C++ class: QElapsedTimer.

C++ documentation:

The QElapsedTimer class provides a fast way to calculate elapsed times.

The QElapsedTimer class is usually used to quickly calculate how much time has elapsed between two events. Its API is similar to that of QTime, so code that was using that can be ported quickly to the new class.

However, unlike QTime, QElapsedTimer tries to use monotonic clocks if possible. This means it's not possible to convert QElapsedTimer objects to a human-readable time.

The typical use-case for the class is to determine how much time was spent in a slow operation. The simplest example of such a case is for debugging purposes, as in the following example:

      QElapsedTimer timer;
      timer.start();
      slowOperation1();
      qDebug() << "The slow operation took" << timer.elapsed() << "milliseconds";

In this example, the timer is started by a call to start() and the elapsed timer is calculated by the elapsed() function.

The time elapsed can also be used to recalculate the time available for another operation, after the first one is complete. This is useful when the execution must complete within a certain time period, but several steps are needed. The waitFor-type functions in QIODevice and its subclasses are good examples of such need. In that case, the code could be as follows:

void executeSlowOperations(int timeout)
{
      QElapsedTimer timer;
      timer.start();
      slowOperation1();
      int remainingTime = timeout - timer.elapsed();
      if (remainingTime > 0)
          slowOperation2(remainingTime);
}

Another use-case is to execute a certain operation for a specific timeslice. For this, QElapsedTimer provides the hasExpired() convenience function, which can be used to determine if a certain number of milliseconds has already elapsed:

void executeOperationsForTime(int ms)
{
      QElapsedTimer timer;
      timer.start();
      while (!timer.hasExpired(ms))
          slowOperation1();
}

It is often more convenient to use QDeadlineTimer in this case, which counts towards a timeout in the future instead of tracking elapsed time.

Methods

impl QElapsedTimer

pub unsafe fn clock_type() -> ClockType

Returns the clock type that this QElapsedTimer implementation uses.

Calls C++ function: static QElapsedTimer::ClockType QElapsedTimer::clockType().

C++ documentation:

Returns the clock type that this QElapsedTimer implementation uses.

See also isMonotonic().

pub unsafe fn copy_from(
    &self,
    other: impl CastInto<Ref<QElapsedTimer>>
) -> Ref<QElapsedTimer>

The QElapsedTimer class provides a fast way to calculate elapsed times.

Calls C++ function: QElapsedTimer& QElapsedTimer::operator=(const QElapsedTimer& other).

C++ documentation:

The QElapsedTimer class provides a fast way to calculate elapsed times.

The QElapsedTimer class is usually used to quickly calculate how much time has elapsed between two events.

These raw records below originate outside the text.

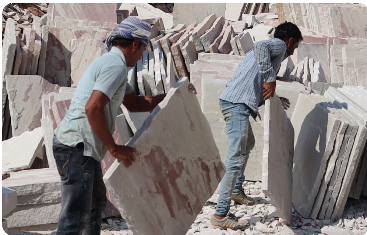
Men moving slabs of stone at a mine in Panna

range from a perceived need to hide symptoms or possible illness due to stigma, prioritising household and caretaking responsibilities, constrained decision making power, lack of mobility, and limited autonomy over financial resources”. The lower diagnosis of cases among women could also be due to the reporting of fewer cases of TB among women due to various other reasons including poor access to healthcare services, poor diagnosis and poor reporting of cases among women (Uplekar et al., 2001). It may also be due to physiological reasons. There is evidence to show that the presentation of pulmonary TB among women may be somewhat different from men, contributing to delays and making it difficult to diagnose TB in women. While men generally present symptoms of fever, haemoptysis and night sweats, women could present common symptoms or non-specific findings such as fever, body ache, loss of appetite and fatigue (Long et al., 2002). The same study indicates that more men report microbiologically confirmed pulmonary TB
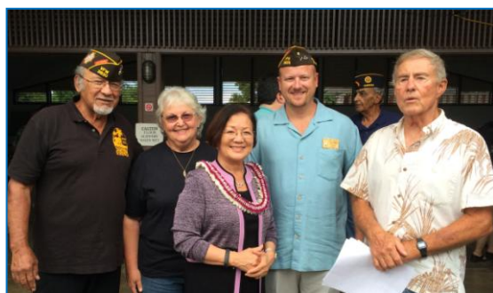
Meeting with Sen. Mazie Hirono to discuss Veterans Issues
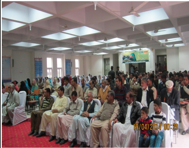
Audience at Inauguration Ceremony
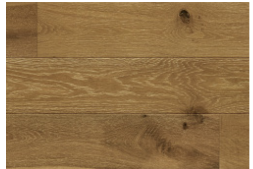
LA JOLLA DMBH2206
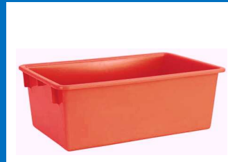
40 Lt Nesting Crate
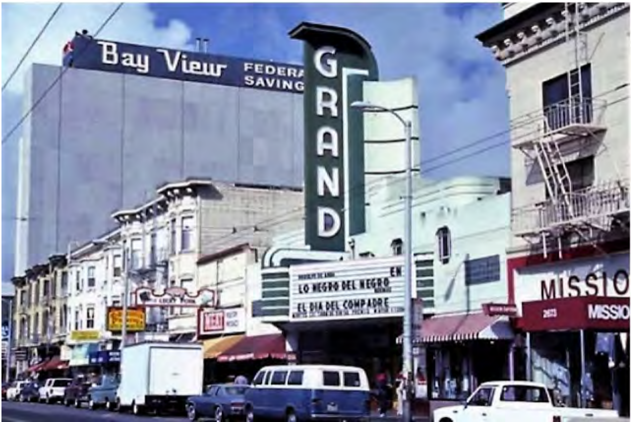
Grand Theater, circa 1980.
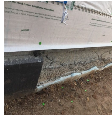
A large portion of removed slab insulation.
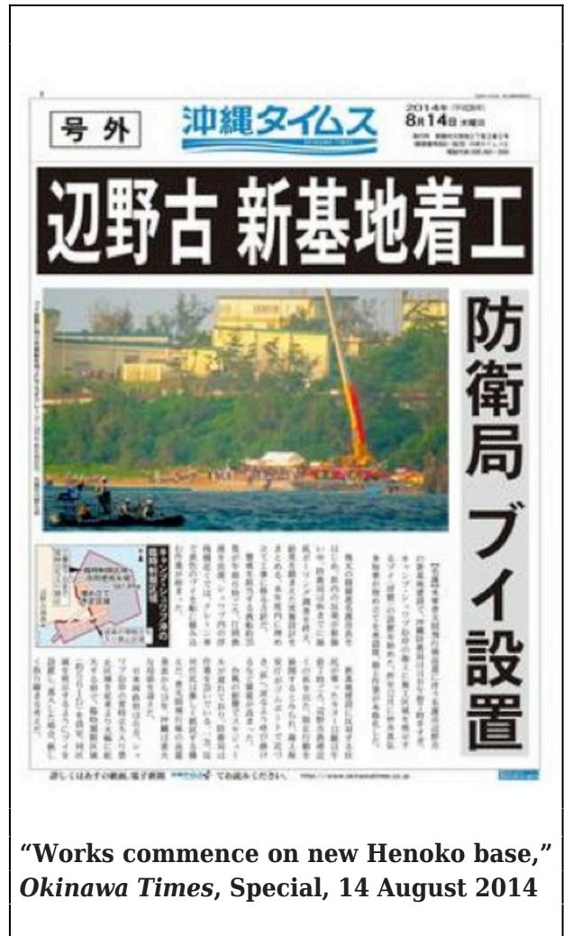
“Works commence on new Henoko base,” Okinawa Times, Special, 14 August 2014
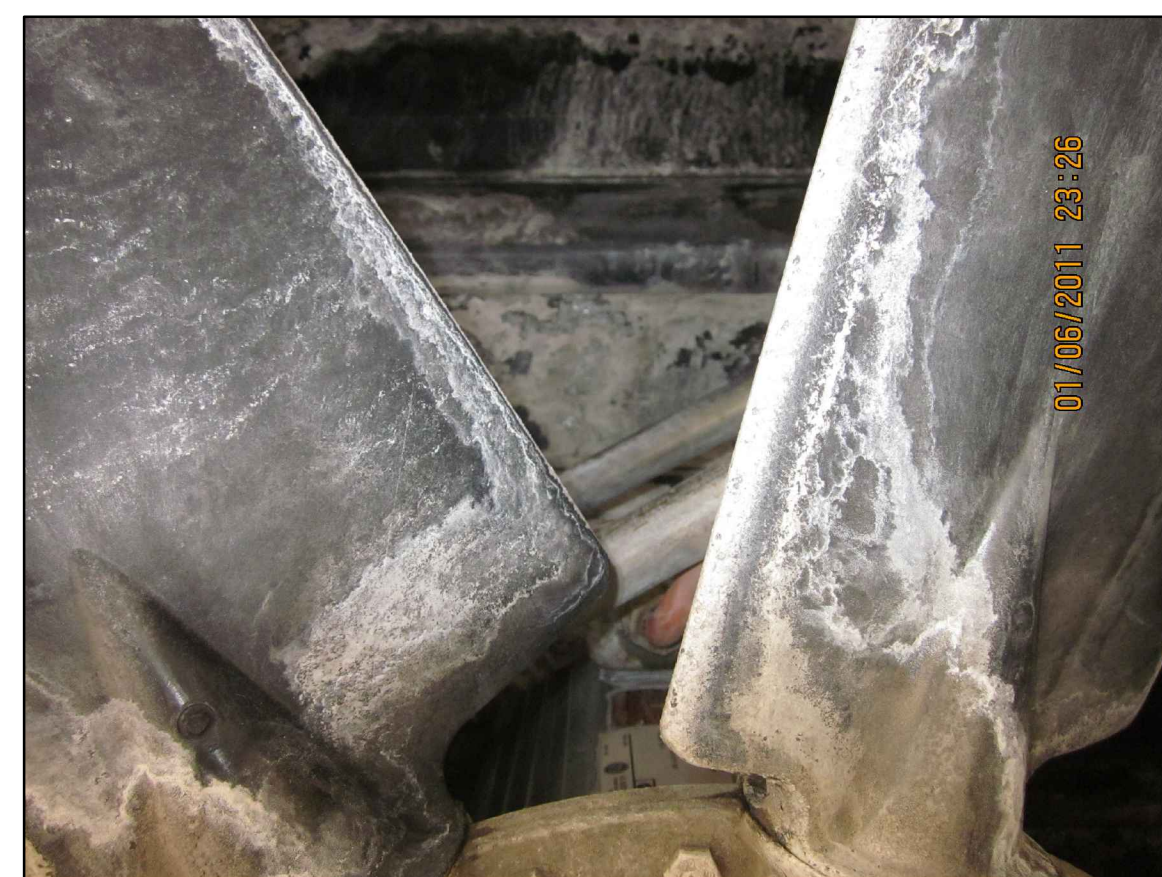
WEST ENERGY PLANT-IMAGE 4

Its API is similar to that of QTime, so code that was using that can be ported quickly to the new class.

However, unlike QTime, QElapsedTimer tries to use monotonic clocks if possible. This means it's not possible to convert QElapsedTimer objects to a human-readable time.

The typical use-case for the class is to determine how much time was spent in a slow operation. The simplest example of such a case is for debugging purposes, as in the following example:

      QElapsedTimer timer;
      timer.start();
      slowOperation1();
      qDebug() << "The slow operation took" << timer.elapsed() << "milliseconds";

In this example, the timer is started by a call to start() and the elapsed timer is calculated by the elapsed() function.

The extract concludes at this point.